A STONE’S throw from the spot where British explorer Sir Walter Raleigh happened upon a vast lake of pitch in 1595, workers in a fenced yard are building the first offshore drilling platform designed and constructed in a Caribbean country to extract natural gas. Raleigh used the pitch to cork leaks in his ships; today liquid natural gas is leading an economic boom in Trinidad and Tobago. The drilling platform being built for bp Trinidad and Tobago LLC — the Trinidad branch of London-based BP Amoco PLC — is scheduled to be completed in March in the islands off Venezuela and be fully operational in January 2006, officials say.

Several other platforms are already extracting natural gas off the former British colony. But the one under construction in the southern town of La Brea is the first to be built in the country, instead of along the US Gulf coast. When the 900 tonne, four-level platform is complete, it will be lifted with cranes and installed 30 miles (48 kilometres) off Trinidad’s southeast coast. While it will extract some crude oil, its main aim is natural gas for plants operated by Atlantic LNG in the southern town of Point Fortin, some 45 miles (70 kilometres) south of the capital, Port-of-Spain. In recent years, Trinidad has leapfrogged ahead in the industry to become the leading supplier of liquid natural gas to the United States, supplying 75 percent of its liquid natural gas imports last year.

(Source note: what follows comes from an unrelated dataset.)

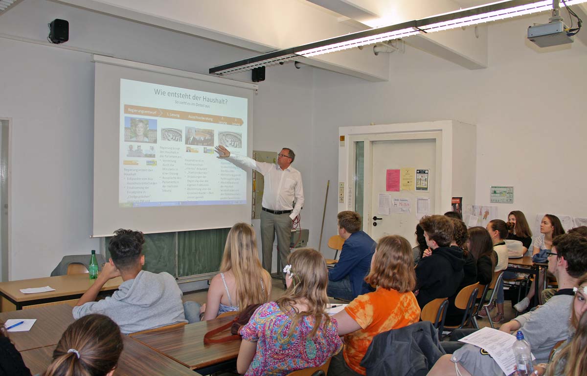 Schütte, der für die CDU-Landtagsfraktion den Wahlkreis Heidelberg mitbetreut, sprach mit rund vierzig interessierten Schülerinnen und Schülern aus den Politik- und Wirtschaftskursen der Sekundarstufe II. In seiner Einführung berichtete der ehemalige Hölderliner anschaulich aus dem Alltag eines Abgeordneten. Zudem ermöglichte er einen Blick hinter die Kulissen, beispielsweise bei den Haushaltsberatungen. Klar machte er, dass viele der Vorteile einer offenen Gesellschaft wie Meinungsfreiheit oder unabhängige Gerichte inzwischen zu häufig als Selbstverständlichkeit gesehen werde. Für ihn stünden neben ausreichender Innerer Sicherheit, einer Stärkung der Kommunen, der Sanierung der Infrastruktur vor allem Bildung und Forschung im Mittelpunkt. „Wir müssen auch in Abwägung mit anderen gut begründeten Wünschen dafür sorgen, dass ausreichend Mittel und Personal zur Verfügung stehen. Zudem müssen die Mittel dann auch sinnvoll eingesetzt werden.“ Er sei froh, dass Qualität der Schulbildung wieder im Fokus der Politik stünde.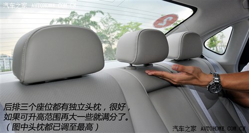 图中体验者身高1.79米,调整好坐姿后,前排头部空间三指,后排头部空间两指,腿部空间两拳。

Liquid natural gas made up only three percent of total natural gas used in the United States in 2003, but is expected to grow to 15 percent by 2025. With proven natural gas reserves of 30 trillion cubic feet (850 billion cubic metres), Trinidad reported 12.8 percent economic growth in the fiscal year that ended this month, much of it due to liquid natural gas. The nation of 1.3 million people relies on oil and gas for more than a quarter of its gross domestic product. Officials say about 120 people are employed in the latest project, working in a yard where the hulking metal platform lies on its side, more than half finished.

The Cannonball Platform is projected to extract and process 700 million cubic feet (19.8 million cubic metres) of natural gas per day. “Cannonball is not just about building a platform, it’s about giving this country the potential to provide the world with goods and first-class services,” said Robert Riley, president of bpTT, on a recent tour of the construction site. Riley, who is Trinidadian, said the total cost of building the platform and related projects is TT$834 million (US$139 million) — TT$60 million (US$10 million) more than it would have cost to build in the United States. But he said that in the long term they hoped to see “over-time efficiency gains” as they carry out more projects in the country. Trinidad’s government is negotiating deals with bpTT and several other companies to construct two more liquid natural plants. Last year it also signed a memorandum of understanding with Venezuela to process the neighbouring country’s large natural gas reserves.